We sketch how changes in the iRODS catalog can be captured in realtime into Apache Kafka, and how we materialize those master-records as a readonly 'view' in OpenSearch using Apache Flink stream processor. We show that the same tools can be used to continuously monitor project usage within iRODS. As a last application, we sketch how audit logs can be collected and processed, and show future challenges.

DAViDD: Initial data management solution for UNC's READDI AViDD Center [slides] [video]
Terrell Russell - iRODS Consortium

The Rapidly Emerging Antiviral Drug Discovery Initiative AViDD Center (READDI-AC) is an NIH-funded public-private partnership focused on developing effective antiviral drugs to combat emerging viruses. The READDI-AC is one of nine Antiviral Drug Discovery (AViDD) Centers funded by the National Institute of Allergy and Infectious Disease (NIAID) at the National Institutes of Health.

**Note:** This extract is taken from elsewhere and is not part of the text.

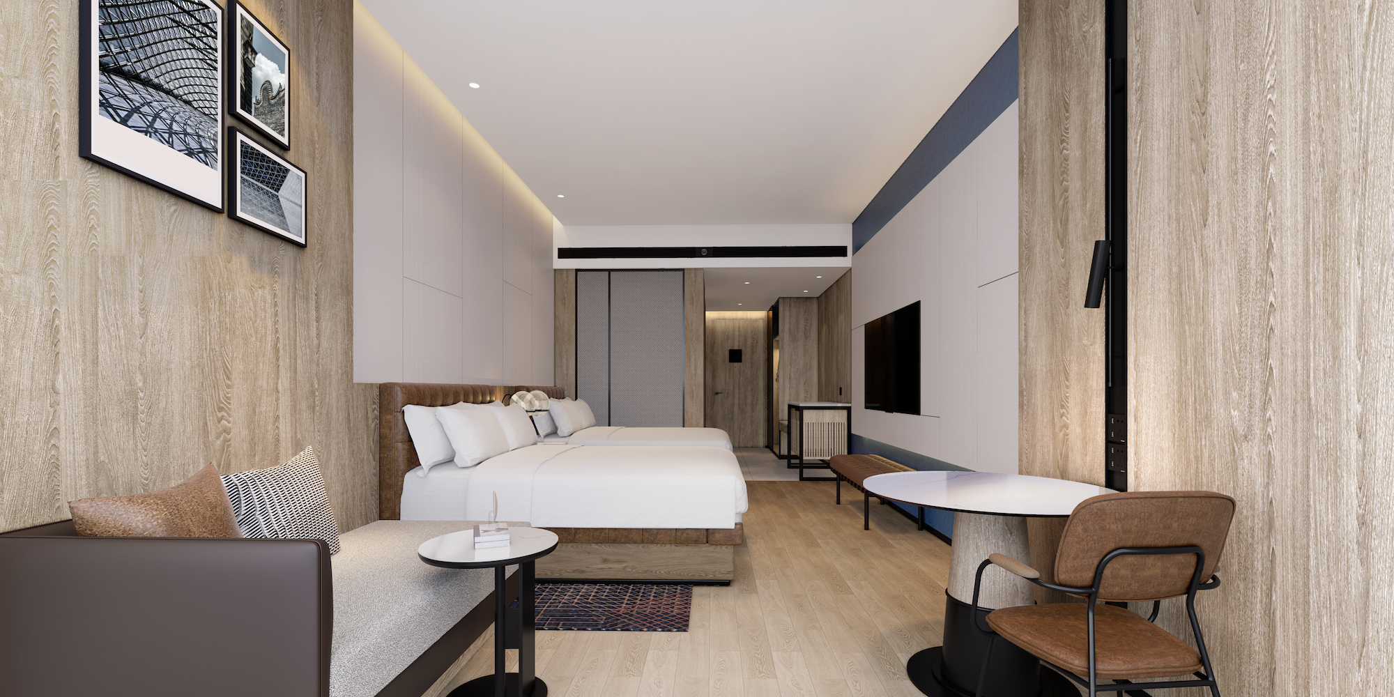 配套设施延续品牌“实用且贴心”的定位:专业会议空间满足商务洽谈、小型活动等多元需求,保障高效办公;全天候健身房让宾客无需迁就行程,随时释放活力;自助洗衣房则以便捷服务解决旅居生活琐碎。整体空间从设计到功能,均深度契合福朋喜来登的经典基因,最终打造出兼具品牌辨识度与在地特色的舒适旅居空间。

The data management preparation, storage, and analysis are handled with DAViDD, a combination of iRODS, the HTTP API, and a custom Angular application. This talk will discuss the development of laboratory and researcher use cases; designing, building, and staging the application; and its early production use.

The LEXIS Platform V2 and using iRODS for large scale data management [slides] [video]
Martin Golasowski - IT4Innovations / VSB-TU Ostrava
Mohamad Hayek - Leibniz Supercomputing Centre

The LEXIS Platform allows easy access to HPC and Cloud resources with complex workflow orchestration and distributed data management based on iRODS. In our talk we present the improved version of the LEXIS Platform, including centralised metadata index, direct staging from iRODS zones and application container support. Extension of the LEXIS data management features are planned within the Horizon Europe EXA4MIND project, which focuses on handling large amounts of data between various data sources like databases or object storage and HPC infrastructure, including data publication features following FAIR principles. We also describe various use-cases for iRODS in the HPC environment, including using iRODS as data transfer gateway and preservation service based on EUDAT B2SAFE and testing of new iRODS interfaces such as S3 and HTTP API.

A Rust Library Crate for iRODS [slides] [video]
Phillip Davis - Appalachian State University
Best Student Technology Award Winner

Rust has a number of features that make it desirable for an iRODS client. For example, its strong type system and the borrow checker provide compile-time guarantees against unexpected runtime errors. I present an iRODS client library written in Rust. Connections are presently coupled with their connection pool, implemented using the deadpool library, but could be used independently with slight additions. However, deadpool allows connections to make limited use of async. Connection pools are generic over iRODS protocol encoding (currently only XML is supported), transport protocol, and authentication strategy. Message serialization and deserialization will only allocate heap memory if users explicitly opt in by using message types which own their data. Finally, TLS/SSL is delegated to operating system implementations using the native-tls library.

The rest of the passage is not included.